Senior Quality Validation Engineer - Katalyst Healthcares & Life Sciences

• Plans, implements a robust cleaning and sanitization program by authoring and leading the sanitization Validation Program for all products and product contact equipment.
• Leads the execution of the cleaning and sanitization validations by authoring protocols, hands on execution of the protocols and authoring the final report
• Ensures that deliverables are carried out in a timely and compliant manner.
• Author or update SOP's to support the cleaning the sanitization program.
• Lead the training for the processing and packaging personal on the execution of the cleaning and sanitation SOP's
• Supports the Sr.
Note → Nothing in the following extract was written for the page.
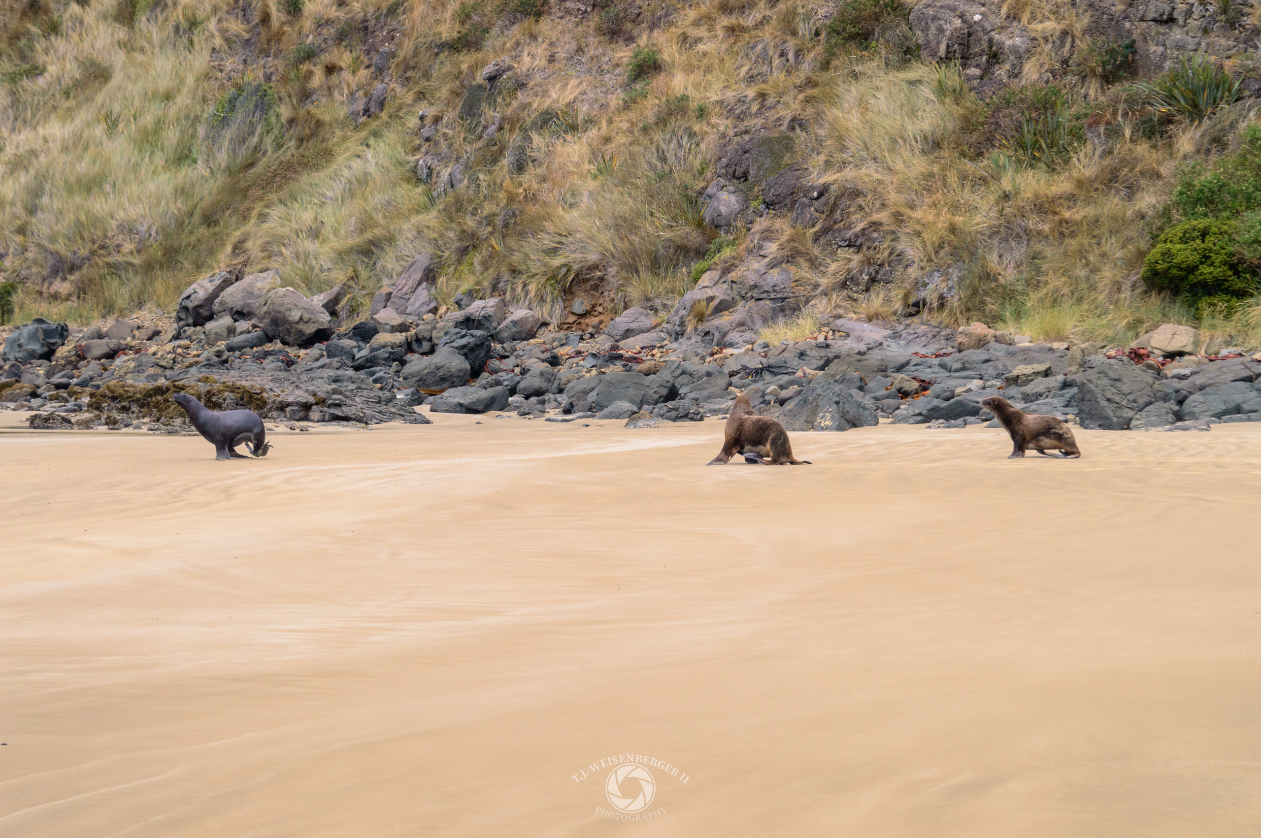 Hooker’s sea lions engage in a mating dispute on the beach.

Quality Manager during external and regulatory audits.
• Leads the activities related to investigations for Micro OOS's, initiates and follows-up on the implementation of corrective actions
• Subject Matter Expert in the field of Cleaning and sensitization program & Validations
• Leads the personal Hygiene program to ensure proper PPE's for the site are appropriate for each area of the facility and ensuring cGMP's are followed and adhered to.
• Support the Cleaning & Sanitization processing and packaging personal
• Reviews performances of Cleaning and Sanitization program in regard to the achievement of goals, objectives and key result areas.
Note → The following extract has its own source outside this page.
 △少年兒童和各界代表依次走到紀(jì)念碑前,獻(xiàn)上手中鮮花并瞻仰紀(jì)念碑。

• Designs, develops and evaluates plans for projects/studies/investigations/reviews.
• Completely responsible for planning and execution of all tasks needed to the execution of the cleaning validations.
• Seeks advice on planning from management when there are priority conflicts.
• Able to make independent contributions to the development of new technologies, developing and revising methods and procedures to assure compliance with applicable regulations; carries out technical and administrative duties as assigned.
• Trains on new and existing procedures, techniques and governmental regulations as directed by management.

Requirements:

• BS degree in Biology, Chemistry, Microbiology, Biochemistry or relevant science discipline 8 years of relevant Quality experience preferably in the pharmaceutical industry.
• MS degree in Biology, Chemistry, Microbiology, Biochemistry or relevant science discipline 6 years of relevant Quality experience preferably in the /pharmaceutical industry.
• Strong background in Cleaning and sanitization program and validations
• Mentor/trains in routine procedures demonstrating expertise.
• Extensive practical and solid theoretical knowledge of applicable compliance guidelines of the FDA or other regulatory bodies; and relevant Fareva SOPs.
• In addition to high technical competence, understands and can articulate the scientific/regulatory principles that underlie practices and guide future projects/studies/reviews development. Continues to expand breadth of technical expertise.
• Ability to interpret and document results according to standard operating procedures using all Quality Systems guidelines.
• Demonstrated ability to independently develop, document and troubleshoot methods of moderate complexity.
• Ability to lead teams from work cross functional areas
• Ability to provide equipment and procedure training and to share technical expertise with less experienced colleagues to solve problems.
• Can independently design and carry out a series of studies/reviews to solve a problem or evaluate a process/procedure. Solutions may involve the development of new techniques and procedures. Uses literature and colleagues as resources to solve problems.